There were “no snobs like patrician snobs”, wrote historian Tom Holland in his wonderful 2003 book, Rubicon, about the last decades of the Roman republic.
“They had the right to wear fancy shoes. They claimed to hobnob with gods. Some even claimed to be descended from gods,” he wrote.
Patricians governed the republic at first. But the plebeians didn’t take things lying down. They went out on strike. For more than a century the two groups scrapped, with the patricians giving ground and the plebeians gaining power and influence until 367BC when theoretical political equality was achieved.
It’s from this period we have the word “plebiscite”, which were the Acts of the Plebeian legislative assembly.
It’s not difficult to think that the ancient Roman republic sounds terribly democratic, with commoners demanding rights from the elites and eventually becoming their political equals. And certainly elected officials – whether patricians or plebeians – had to woo voters.
Here’s Cicero on being a Roman politician: “Those of us who are storm-tossed on the waves of popular opinion must devote ourselves to the will of the people, massage it, nurture it, try to keep it happy when it seems to turn against us . . . If political rewards are indeed our goal, then we should never tire of courting the voters.”
But Roman “democracy” had its limits. By 367BC there were patricians and plebeians with theoretical political equality, but it also produced wealthy plebeians who had “lost all incentive to side with the poor”, Holland said.
They focused on concentrating power and “buying up” property instead, similar to a lot of elected representatives today.
Inequality was “the price that citizens of the Roman republic willingly paid for their sense of community”, Holland concluded.
Cicero is lauded today as one of the most influential men in history. The discovery of his writings is credited with initiating the 14th Century Renaissance and the rise of humanism.
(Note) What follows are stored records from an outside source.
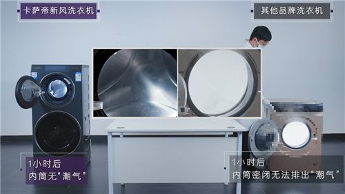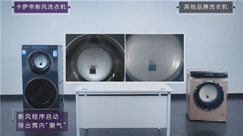 3月6日,卡萨帝官方平台发布了一则卡萨帝“新风洗衣机”和普通洗衣机的对比视频。视频中,普通洗衣机洗完衣物后,内筒始终密闭,筒内“潮气”积聚无法排出。而卡萨帝发明的“新风洗衣机”,通过创新内外循环深呼吸系统,可以持续向筒内注入新鲜空气,排出筒内“潮气”。同时,洗衣机搭载AI智慧抖散技术、360°环形送风技术等创新科技,不仅可以有效避免衣物产生褶皱,还能有效的防止衣物潮湿滋生细菌异味。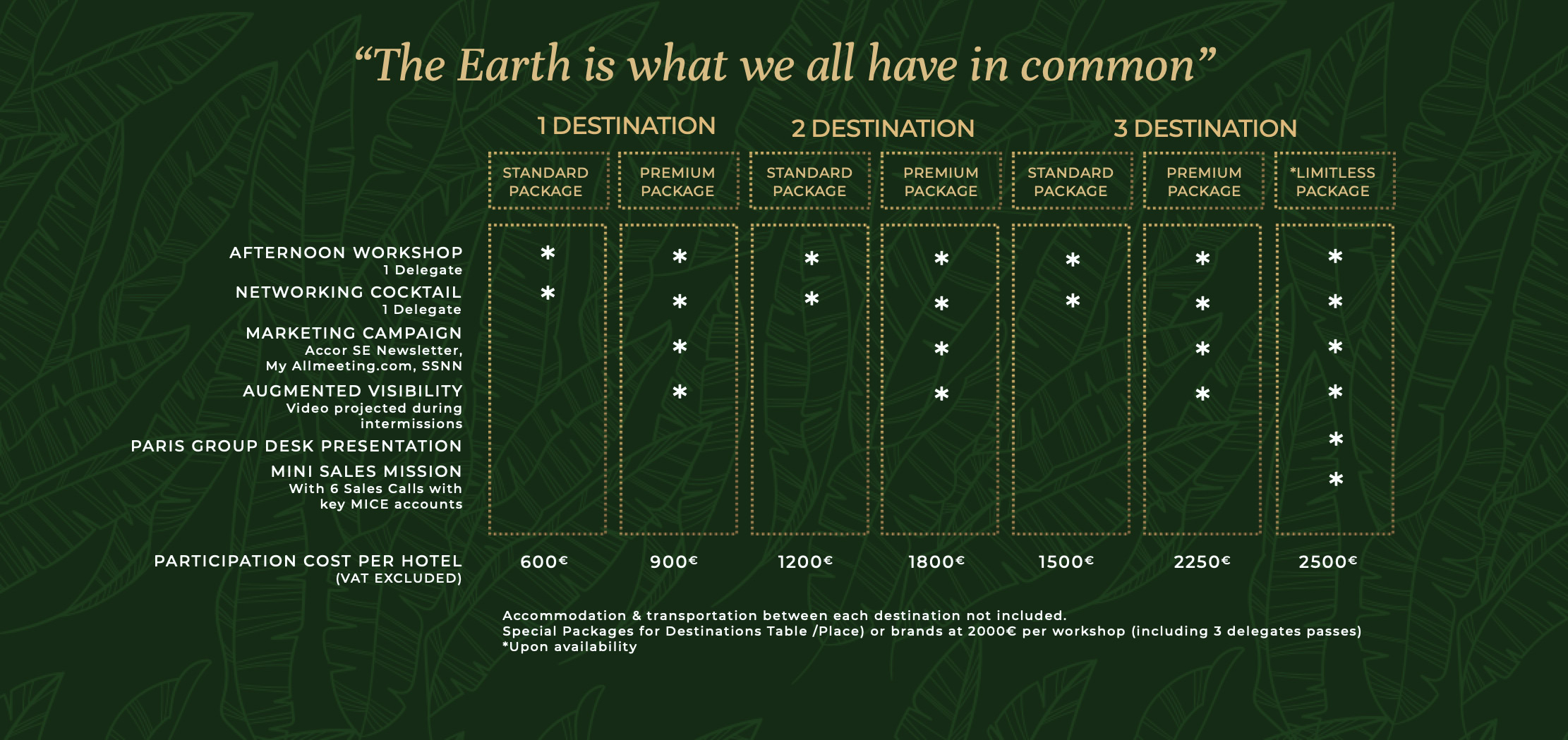 Participating hotels can attend from 1 to multiple workshops according to the package options hereafter.
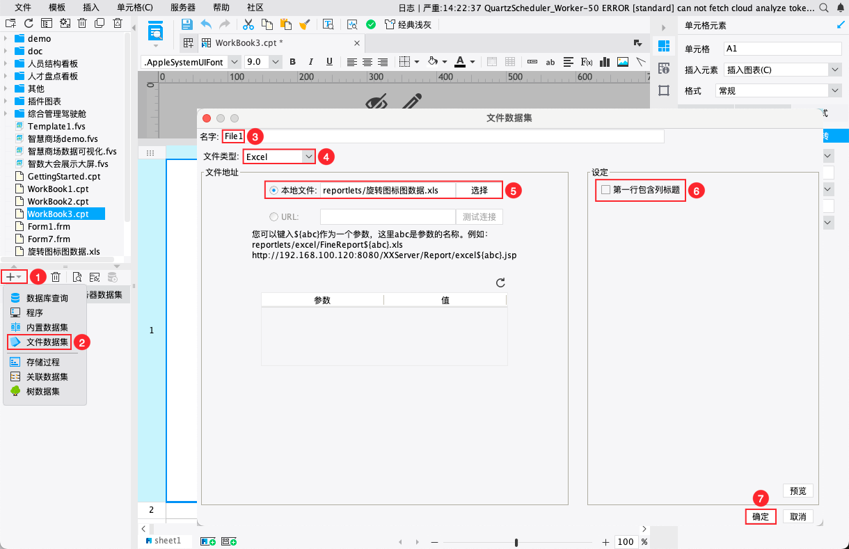 2)新建一个文件数据集 File1,文件类型设置为 Excel ,文件地址选择本地文件中的 旋转图标图数据.xls 文件,点击「确定」

But Cicero’s contemporary critics ridiculed his inconsistency and tendency to shift position as the political climate changed.
“Would that he had been able to endure prosperity with greater self-control, and adversity with more fortitude,” wrote Roman historian Gaius Asinius Pollio.
And so, somewhat inevitably given talk of plebiscites, inconsistency and shifting position as the political climate changes, we come to Malcolm Turnbull and the $122 million same sex marriage postal plebiscite – the orphan love child or demon spawn of a political system that’s now so far up its own orifice on the issue that majority public sentiment counts for nothing.
The same sex marriage “debate” has become politicians fighting for the sake of fighting and a wasteful and worthless postal plebiscite dressed up as a win for democracy and the people’s right to have a say.
It’s the plebiscite you have when you can’t even muster enough votes in Parliament to have a traditional plebiscite, and where even a traditional plebiscite is a red herring because a big chunk of both major parties’ political representatives are hung up on the issue.
In ancient Rome there was a word to describe an aristocrat politician who relied on being seen as a man with the common touch, who represented the poor and unfortunate – a “populare”. Such a politician - “no matter how overweening his personal ambition, could not afford to appear haughty”, Holland said.
But such a politician was “always regarded with suspicion by the more conservative elements in the nobility”. A “populare” was invariably suspected of going too far to help the poor or supporting radical, un-Roman reforms.
And in Rome it was the “populares” – caught between commoners and conservatives – who almost inevitably went mad or lost their heads.